26 november 1999 | back | archive | forward

"so. how do you like living on your own?" my dad asked today.

"i don't know..." i said, wondering what kind of answer he was expecting to hear. "i like it."

what i was really thinking, however, was i love it. i absolutely adore living on my own. even if i'm in orange county every other weekend. even if i feel like i'm paying more in bills than i make. even if i get lonely because none of my friends live nearby. even if all that and more, i love it. and yes, cliché cliché cliché, i would not trade this for anything else in the world and there is no place i'd rather be. (and luckily, i'm on a one-year lease so there's no place i can be.)

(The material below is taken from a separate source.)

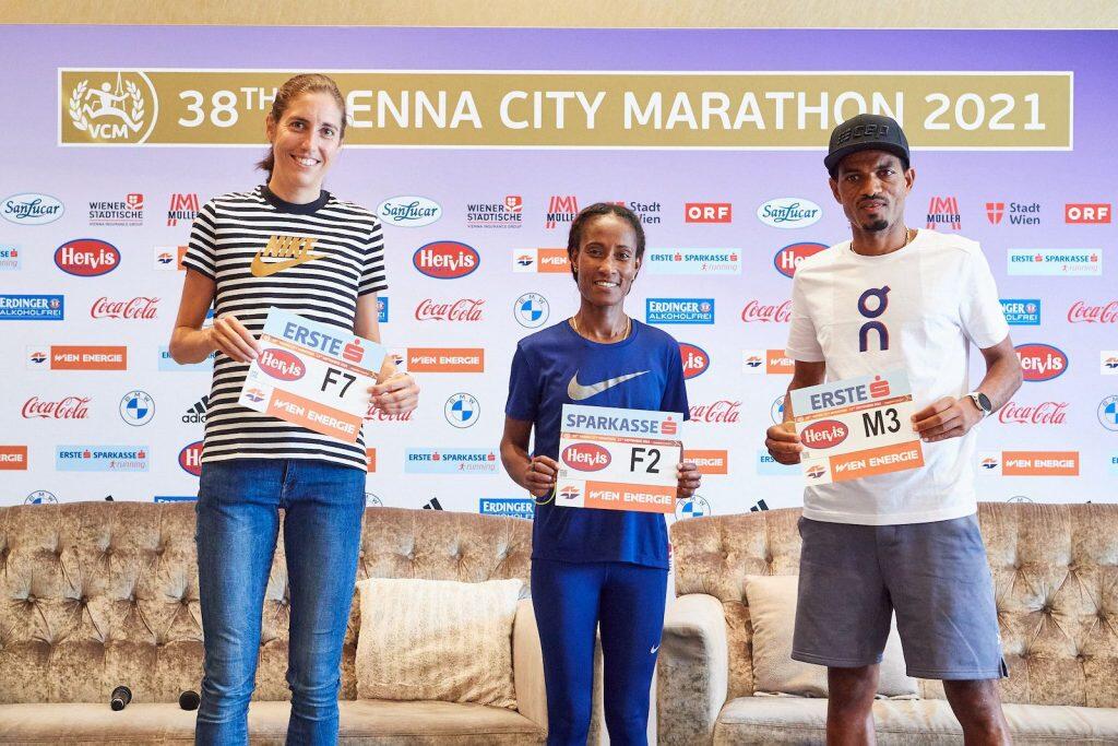 Fabienne Schlumpf, Gelete Burka and Tadesse Abraham, - Photo: VCM / Leo Hagen Vienna City Marathon 2021 Pressekonferenz, 10.09.2021, Wien

it's a little scary, though. because i'm here and now what? i've always had short-term and long-term goals, a set destination, a plan or three (A, B & C, just in case). and now...well, now i don't. i'm not dying to get out of a crapass job or my parents' house. i'm not going to grad school next fall. i'm not moving to NYC any time soon. i'm not even desperate for a boy and some lovin', which is a major breakthrough for a sap like me.

my only aspirations, really, are to get my 1987 car back from the shop running like a 1999 vehicle for no more than $1,200; to finish my philippines scrapbook before it's been a year since the trip (we went last christmas; and to maybe write more and paint more, learn stylesheets and javascript, and be a better friend, sister and daughter.

oh yeah -- and to keep an open mind with whatever does happen with my job, or my living arrangement, or boys, or anything else that could turn my life inside out and upside down, because inevitably, something will come up, and everything will change, and there i'll be, at the crossroads, playing eenie-mienee-moe.

and, come to think of it, keeping an open mind, letting whatever happens happen, flying by the seat of my pants, that's a really massive undertaking, considering i'm one of the most overly organized, carefully planned, obsessively orderly girls i know.

inspired:
the pizzicato five. 3-hour naps. fresh flowers.

lost:
my mouse died. now i'm using this "affordable and sleek" substitute i got from fry's (blech, i hate that store). i wanted to buy an apple mouse, but it was $50 more i just couldn't spend.

found:
his last name is rainwater, and he makes beautiful things (pictures + words).

nonsequitur:
i had cheesecake for breakfast. mmm. thanksgiving leftovers.